There is wisdom in that answer, but evasion, too. No one doubts that increasing the number of children reared with strong values would reduce the burden of violence in this nation. And no one imagines that laws can always deter someone driven to harm others.

But that doesn't mean we should not constantly search for better ways to reduce the threat of random violence. The issue isn't whether we might have prevented the Virginia Tech attack if we had closed a particular legal loophole last month. It may be that no combination of plausible policies would have deterred this rampage. And it is almost certain that the next horrific attack will present different facts.

The better question is whether we are doing enough to diminish the overall risk of violence in our society. Bruce Reed, who helped coordinate President Clinton's response to the Columbine shootings as White House domestic policy adviser, strikes the right balance. "It doesn't have to be about going back in the time machine with a policy that would have prevented this specific crisis," Reed said Tuesday. "It's taking the crisis to heart to see what we can do to stop future ones. In the wake of Sept. 11, we didn't just look at policies to stop planes from flying into buildings. We looked at how vulnerable we were to foreign attack. And we didn't . . . say if someone is crazy enough to fly a plane into a building, they will find a way to kill us somehow."

If we approached the Virginia shootings in the expansive spirit we summoned after 9/11, we would explore broadly. We would assess the availability of counseling for troubled young people. We would question Bush's decision to de-fund the Clinton program that subsidized the hiring of more local police — especially since the nation's violent crime rate increased last year for the first time since 1991, according to FBI statistics. And, yes, we would reopen a discussion that both parties have silenced about access to guns.

In the shadow of Monday's killings, Washington won't ignore these questions, but whether either party will grapple with them more seriously than Bush did at a perfunctory conference on school safety last fall is another question.

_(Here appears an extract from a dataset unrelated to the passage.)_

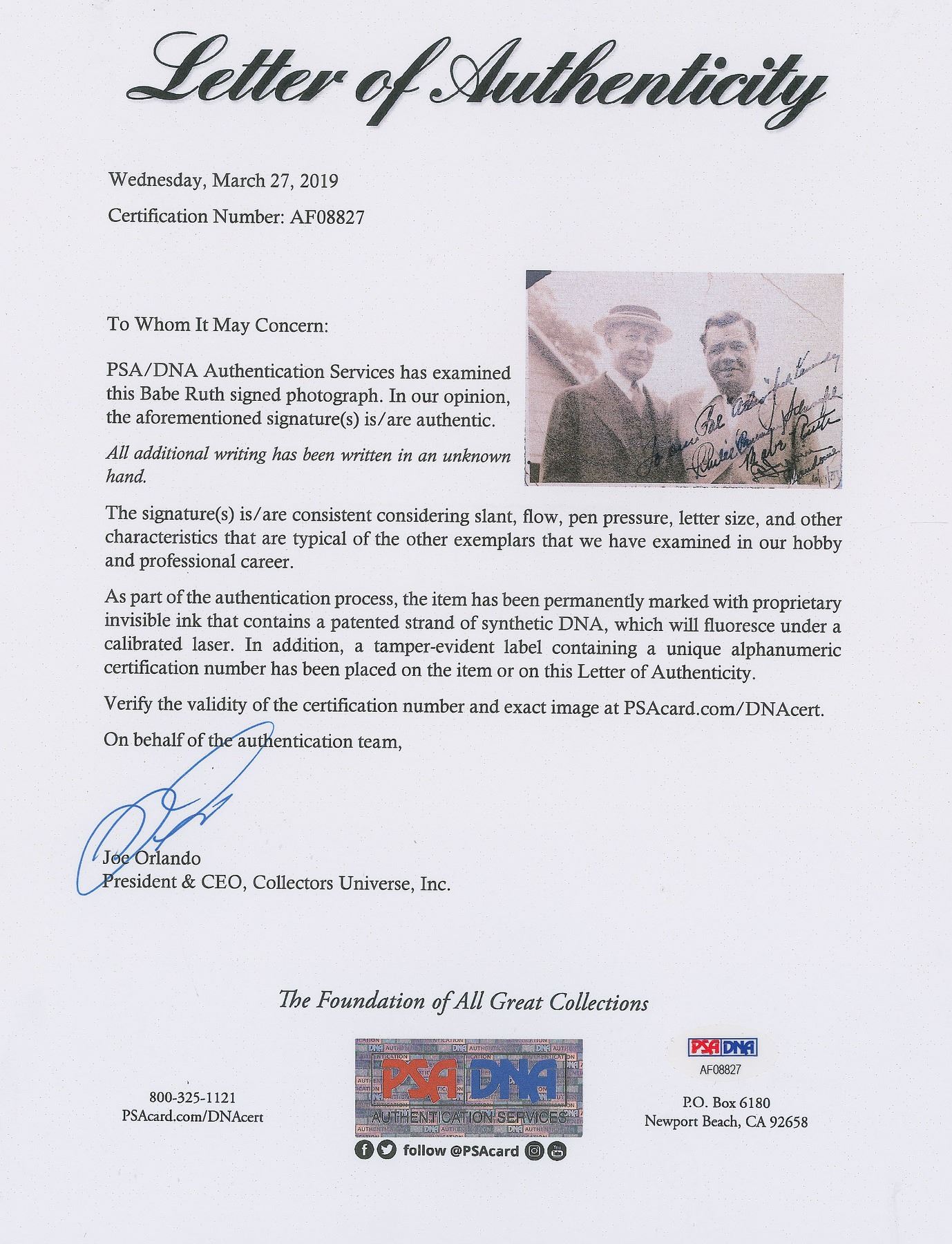 All lots sold by RR Auction are accompanied by an Auction Certificate (“AC”). On any lot presented with an AC issued by RR Auction, the certification is only as to its attribution to the person or entity described or to the lot’s usage and only as explicitly stated therein (the “Certification of Authenticity”), to the exclusion of any other warranties, express or implied, including but not limited to those pursuant to the Uniform Commercial Code. The Certification of Authenticity inures only to the original Bidder (as shown in RR Auction’s records). Bidder may not transfer, assign, or otherwise convey the Certification of Authenticity, and such purported transfer, assignment, or conveyance shall be null and void. The Certification of Authenticity is valid from date of the Auction in which Bidder was awarded the lot (the “Auction Date”) until five (5) years after the Auction Date, without exception.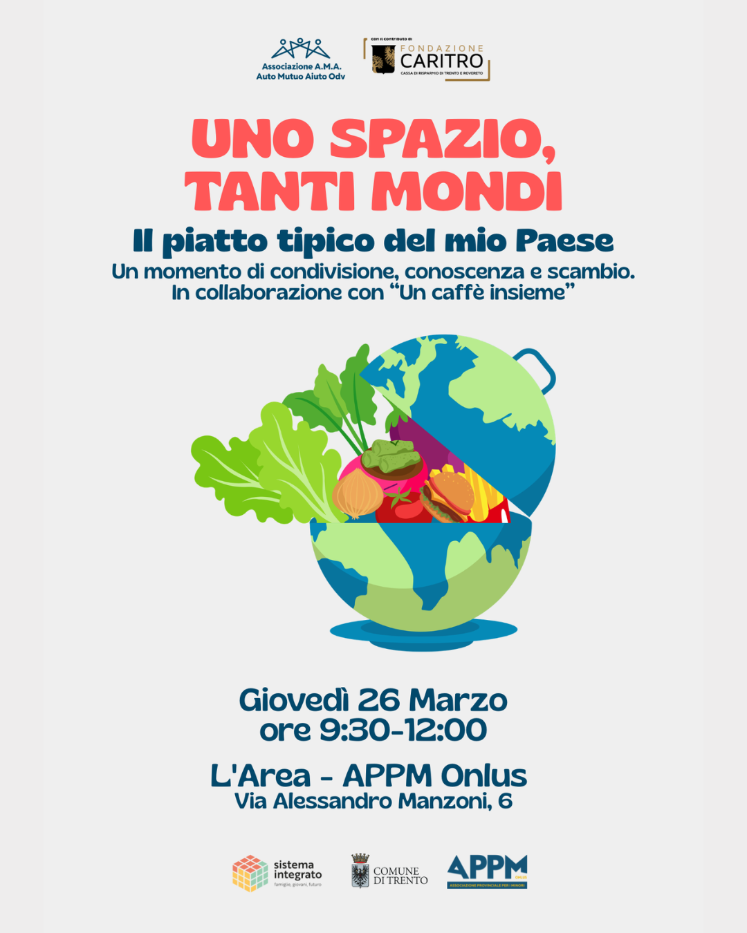 Ti invitiamo a un momento di condivisione e scambio, dove ognuno potrà portare un pezzo del proprio Paese attraverso il cibo.

The redeeming grace of tragedy is that, throughout American history, it has sparked reform. The 1911 Triangle Shirtwaist Co. fire, which killed almost 150 workers in a New York City sweatshop, inspired workplace safety breakthroughs in the Progressive era. The 1989 attack on a Stockton, Calif., elementary school by a drifter armed with an AK-47 provoked outrage that led to the important gun-control laws of the 1990s.

The ineradicability of evil ensures that we will never be free from terrible days like Monday. But we will compound this tragedy if we fail to learn from it.

Ronald Brownstein is the Los Angeles Times' national affairs columnist.